This is the real problem with NHST -- ignorant practitioners.
For an example of how this approach works(i.e., does a theory predict
or accommodate a significant result or does it predict against it) see
the
following article which showed how to decide which theory of semantic
memory had the greatest evidence in its favor back in the 1980s:
Chang, T. M. (1986). Semantic memory: Facts and models. Psychological
Bulletin, 99(2), 199.
(2) The question that needs answering is "What is the effect size
measure
that one should use in this situation?"
:
(A) Is it Multiple R^2 (under the assumption that we have homogeneity of
regression, that is, the regressions are the same in the three samples;
we know this is not the case because there are zero females in Sample 3
which leaves sex/gender out of the equation for that group and there is
an
interaction between sex/gender and caudate volume in Sample 1 when
unconstrained measures are used), or,
(B) The semi-partial correlations between caudate volume and the three
IQ measures or the full partial correlations?
Technically speaking, ordinary R^2 shouldn't be used since the
regression
equations for the three samples have different numbers of predictors
(Sample 3
does not include sex/gender because it is all male), and an adjusted-R^2
or
shrunken R^2 (= R^2 - [(1 - R^2)/(N - m - 1)] where N is the sample size
for the
sample and m is the number of predictor -- 4 in samples 1 and 2, 3 in
sample 3).
The adjusted R^2 are all reduced for total IQ but only by 1% or .01,
unless my
calculations are off. I leave it as an exercise to the interested
reader to do the
comparable calculation for VIQ and PIQ because I am not going to bother.

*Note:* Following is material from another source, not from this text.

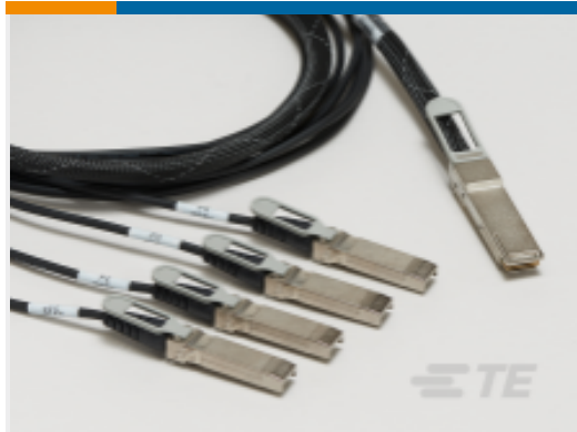
TE Part # 2821033-8 QSFP TO [4]SFP+, 28G, 1M, 33AWG

(3) It is odd that they are doing the analysis in AMOS because AMOS
(an acronym for "analysis of moment structure") is a structural equation
modeling (SEM) program. Ordinary linear regression, according to the
Gauss-Markov theory assumes that all of the predictors are measured
without error which I'm willing to accept for the sex/gender variable
and
(maybe) age, but I have a feeling that the measure of caudate volume is
not error free. In SEM, we would create a measurement model for
caudate volume (i.e., X(caudate volume) = T(true value/variance) +
E(error value/variance).
This might be a more appropriate analysis to do but I'm still trying to
figure
out the basis for setting caudate volume constant across the three
samples,
especially since the mean volumes are not equal (see Table 1; perhaps
they should have been mean-centered?).
(4) Table 5(V) reports the "partial correlations" (unclear whether these
are
semi-partial or full partials) between the three IQ measures and the
volumes
of the eight brain areas which gives us
3 (samples) x 3 (IQ measures) x 8 (brain areas) = 72 correlations
Using alpha-2 tailed = .05 for each correlation, the Overall Type I
error rate =
Overall alpha = 1 - (1 - alpha per comparison)^k
where k = # of tests done
Overall alpha = 1 - (1-.05)^72 = 1 - (.95)^72 = 1 - 0.0249 = 0.9751 or
there is a 97% probability that one or more statistically significant
results
are Type I errors. The authors report 9 statistically significant
"partial
correlations" using a p< .05 (excludes p=.05). The 9 correlations
involving
caudate volume have only 4 significant partial correlations.(appearing
only in
Samples 1 and 2). What should one conclude from this? How about
that whatever the relationship is between caudate volume and IQ,.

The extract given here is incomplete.